#19 À quel prix ?

© Yolande Benoist Supermarché d’un monde parallèle (Sénégal, 2009)

© Yolande Benoist
Supermarché d’un monde parallèle (Sénégal, 2009)

Tout était devenu cher. Mais on se saignait aux quatre veines pour acquérir, pour posséder. Avoir. Pour être comme les autres. Il fallait une grande maison, une garde-robe fournie, un mobilier clinquant, des objets éclatants. On s’endettait, on créditait, on empruntait. On accumulait. La maison devenait trop remplie, trop petite pour faire rentrer tout ça.

Lui, il se séparait de tout. Ça l’encombrait, ça l’étouffait, ça le brûlait, ces trucs et ces machins. Il les avait observé longtemps pour voir s’il y avait quelque chose dedans, si un cœur battait à l’intérieur. Mais tout sonnait creux. Il a jeté les objets de décoration d’abord. Il a gardé trois caleçons, deux tee-shirt, un gros pull, un manteau chaud et quelques chaussettes, une paire de godasses. Et tout le reste est parti aux oubliettes. On le regardait de travers, lui, celui qui jetait tout, qui refusait les cadeaux, qui s’était mis à rire quand sa cabane avait capitulé dans un incendie. Il n’y avait qu’un fou pour se réjouir d’être dans le dénuement.

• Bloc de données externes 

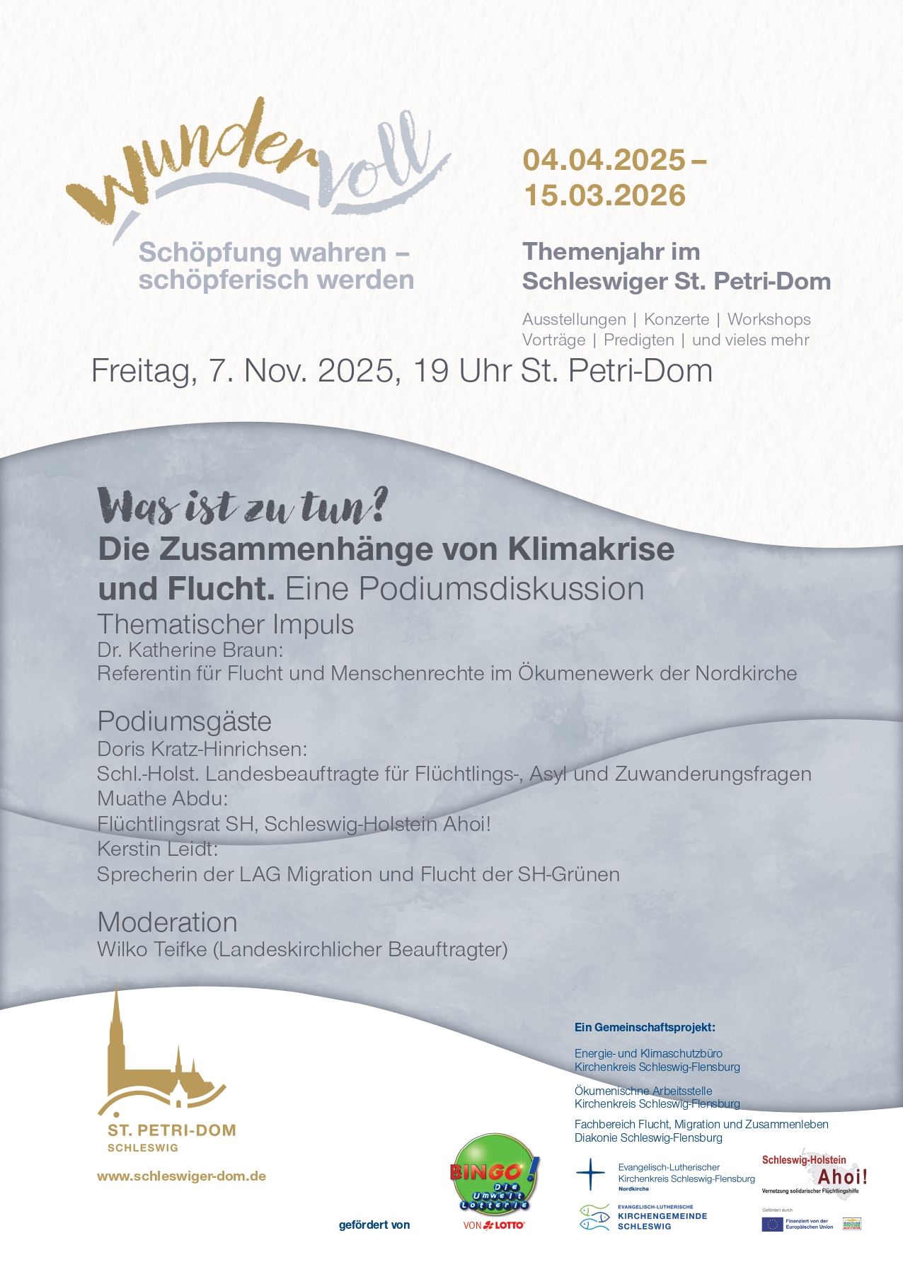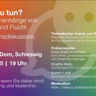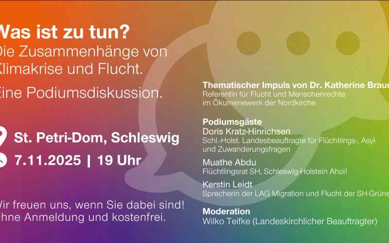 Der Themenabend ist Teil des Rahmenprogramms zur Wanderausstellung KLIMAFLUCHT der Deutschen Klimastiftung, die noch bis zum 28.11. im Schleswiger Dom gezeigt wird. Veranstalter sind der Kirchenkreis Schleswig-Flensburg, die Kirchengemeinde Schleswig und Schleswig-Holstein Ahoi!-Vernetzung solidarischer Flüchtlingshilfe.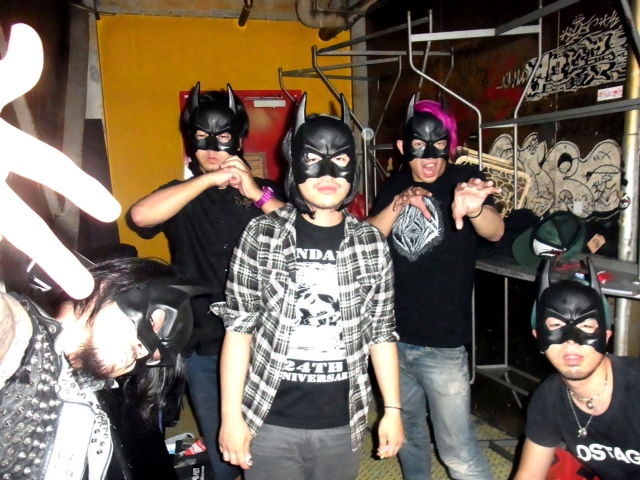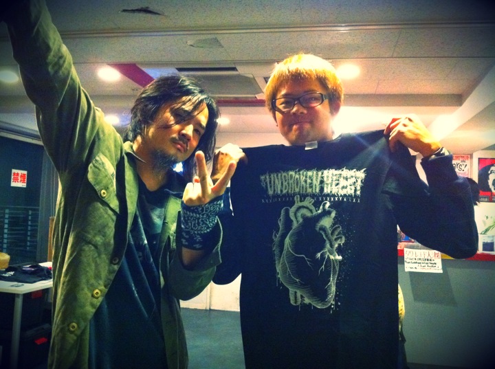 BBQ CHICKENSのツアーサポートで仙台に行ってきました。 失敗だったのは着替えを忘れて売り物のラグランを着て帰るハメになった事以外は最高でした。 BBQはこの日も最高だったよ。 1つ心残りだったのはピザオブデスのアベちゃんがいなかった事。 今度はロングツアーやりたいなぁ〜、なんて本気で思ってます。 【さかのぼってみます〜?】 10月半ば、十三ファンダンゴで企画をやらせてもらいました。 今月の残りのライブ、是非期待していて下さい。 で…なんだっけ。 ラスベガスちゃんのツアーに参加させてもらったんだったね。 滋賀のライブに来てた地元の高校生達 Scotlandのゴリも遊びに来てくれてTシャツを買ってくれました MEANINGのロンTやFACTのデザインを手がけてるユズルさんも来てくれました! で、次のMEANING企画はハロウィンなんだけど、 が!!! もし予約したけど来れなくなったって人がいたらお手数ですがキノトに電話を入れて下さい。 っていうか当日券も少しだったら出せるんじゃないかな(無責任発言) そして…その次のMEANING企画も決まってます。 出演してくれるのは 原爆オナニーズ ともう1バンドです。 このメンツは本当にヤバいと思うよ。 Lコードなので詳細はじき出ますのでお待ち下さい☆ そして…12月14日、平日ですが初めて名古屋で企画をやっちゃいます。 こっちの詳細は…まあまた追って。

Et puis tout a craqué. Les bouts de papiers en qui on avait une foi absolue se sont envolés. Lui, il ne riait pas, il ne se moquait pas, il continuait à vivre en faisait pousser ses légumes. Et les autres pleuraient. Ils ont commencé à vendre leurs objets mais plus personne n’en voulait. Alors les prix ont plongé dans un gouffre. Et on s’est mis à vivre sans tous les trucs et les machins. Ce n’était pas facile. On a regardé le fou d’un autre œil. Pas si fou peut-être. Lui, il plantait, il arrosait, il récoltait. Il semait.

Eux, ils échangeaient puisque personne ne pouvait plus rien acheter. Mais à quoi bon ? Un truc contre un machin, qu’est-ce que ça peut faire de bien ? Et puis à quoi ça sert tout ça ? Les prix ont disparu, ils avaient tellement baissé que tout était devenu moins cher que gratuit. Les boutiquiers ne savaient plus quoi étaler. Les marchands n’avaient plus le cœur à vendre. Les acheteurs s’étaient métamorphosés en âmes sans porte-monnaie. Alors on l’a regardé sérieusement. Et le temps faisant son œuvre, tout le monde s’est mis à savourer des tomates au goût de tomate.